Reference choice has dramatic effects on e.g. slow oscillation-spindle coupling, both in terms of where such dynamics are found, and the phase at which spindles peak (figure: phase). Similar story for phase synchrony.
For analyses using Hilbert or wavelets there are endless ways to get your phase or amplitude estimates wrong, at times wholly invalidating outcomes (def fell victim to some of these myself)
Surrogates are often used to determine whether some dynamic (like SO-spindle coupling) exists beyond chance levels. Again, diff shuffling approaches can lead to widely diff conclusions (way more than I imagined)
More broadly, without knowledge (theory and hands-on) of fundamental concepts (e.g., trigonometry, complex numbers, fft, convolution), it's difficult/impossible to verify correct implementation of more advanced metrics (e.g., cross-freq coupling).
We also consider how flexibility in analysis options may invite (unintended?) post hoc arguments in favor of the pipeline yielding the most interesting (i.e. significant) outcome. So easy to get false positives (consistent with non-replications of several high-profile papers)
At the same time, strategically varying analysis choices can instill confidence that the pipeline behaves as intended, and that results are robust to these choices. So a balancing act.
Most of what we say has been said before and is not specific to human sleep EEG, but we figured it might be helpful to repeat these messages for a sleep audience. (And if not, at least now I have it written down somewhere for future me.)
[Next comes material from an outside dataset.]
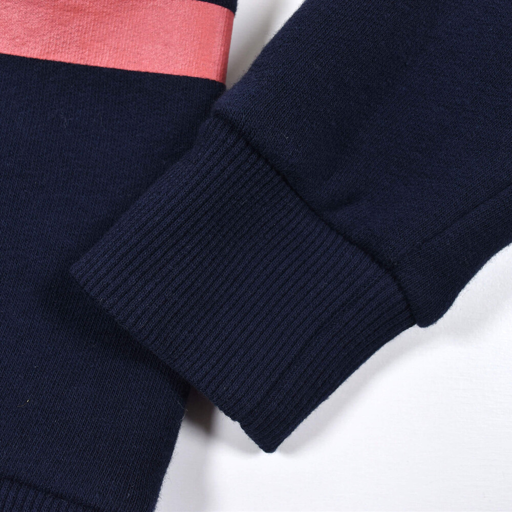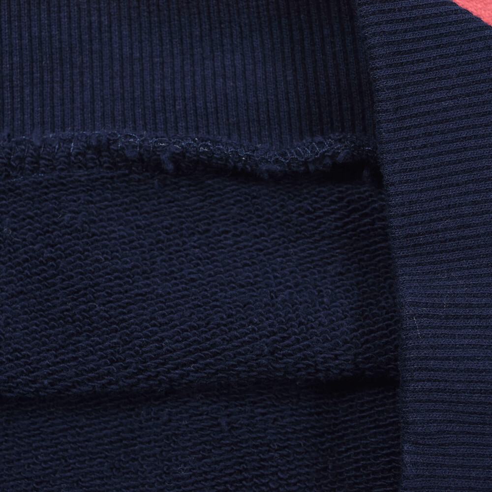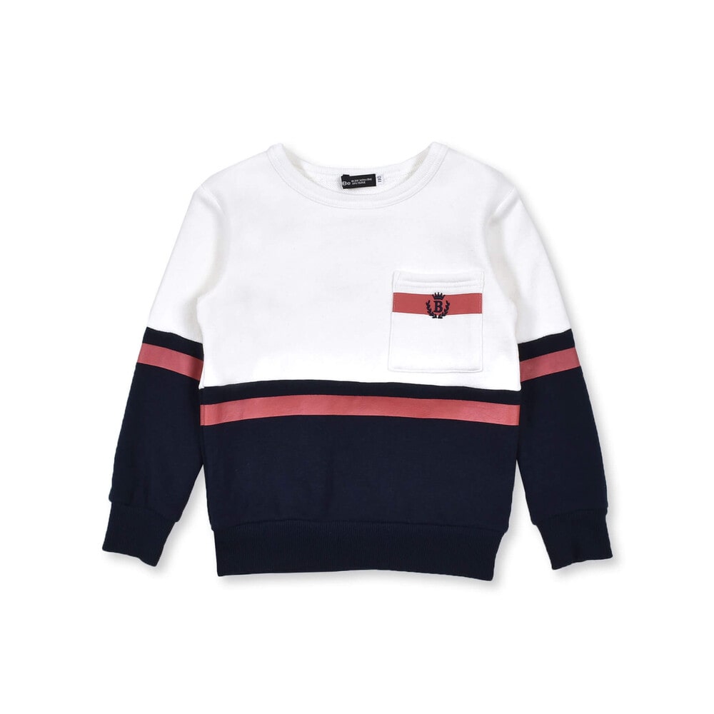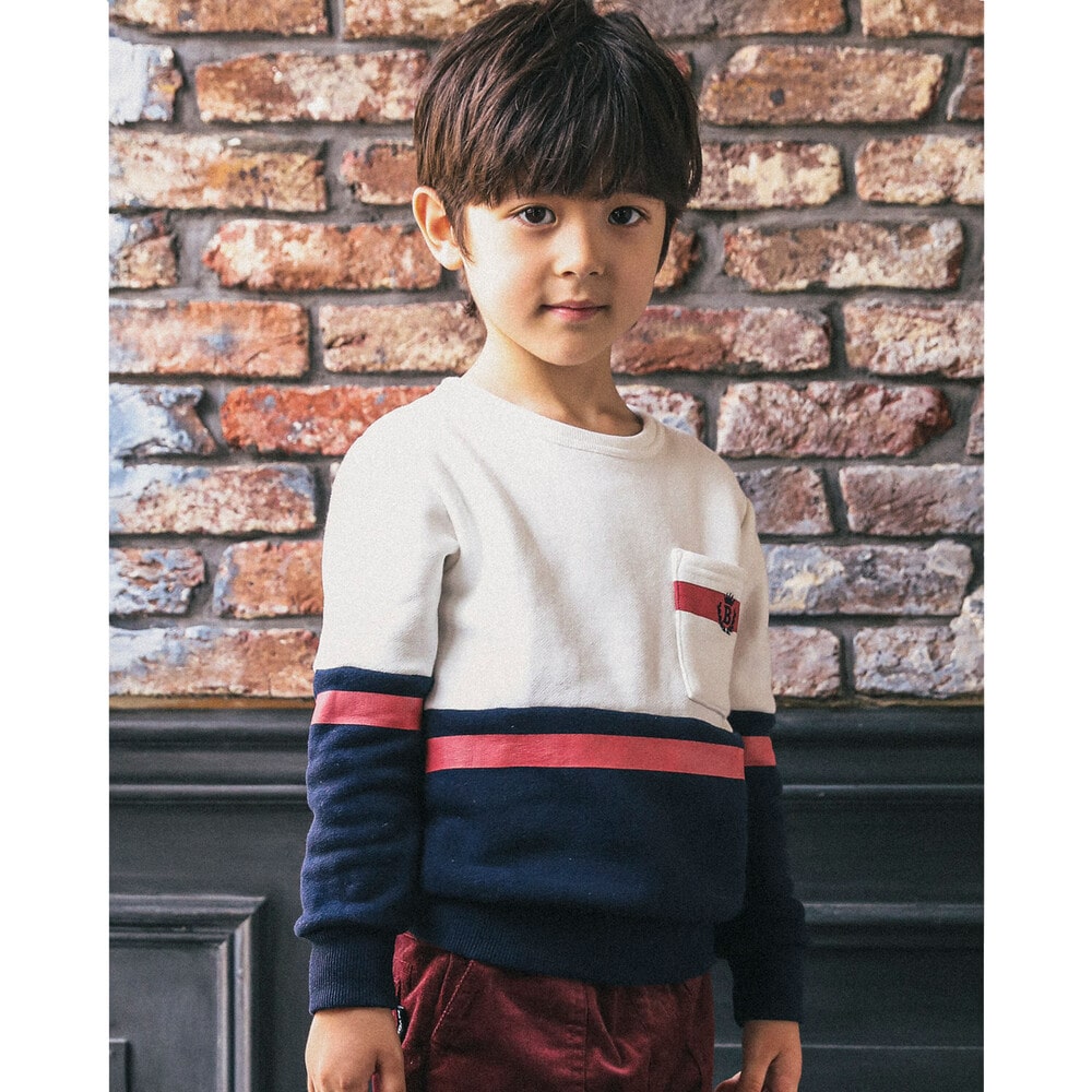 身頃や袖、ポケットにラインプリントの入ったバイカラーデザインのトレーナー。

Code (Matlab, "for which I apologize") plus data to reproduce all figures and then some can be found here: http://doi.org/10.5281/zenodo.3712075
Final thought: while links between human sleep phys and cognition/disease are still intriguing, I've become much more skeptical of my/others' findings. Generally count new findings as a "maybe" until they've been replicated (which we need to do much more). Peace out.